[Activity]
What you produce should be an exact transcription of the data, minus any pictures.

[Data extract]
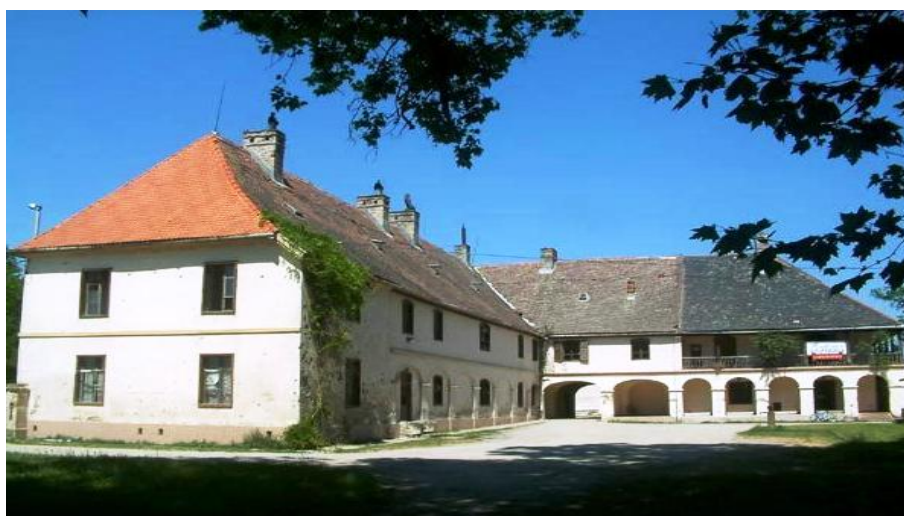
Slika 4 Dvorac Khuen-Belassi
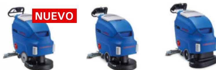
Ilustración con equipamiento opcional
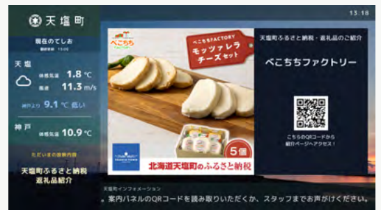
多言語対応デジタルサイネージプログラムを制作

[Response area]
Slika 4 Dvorac Khuen-Belassi
Ilustración con equipamiento opcional
多言語対応デジタルサイネージプログラムを制作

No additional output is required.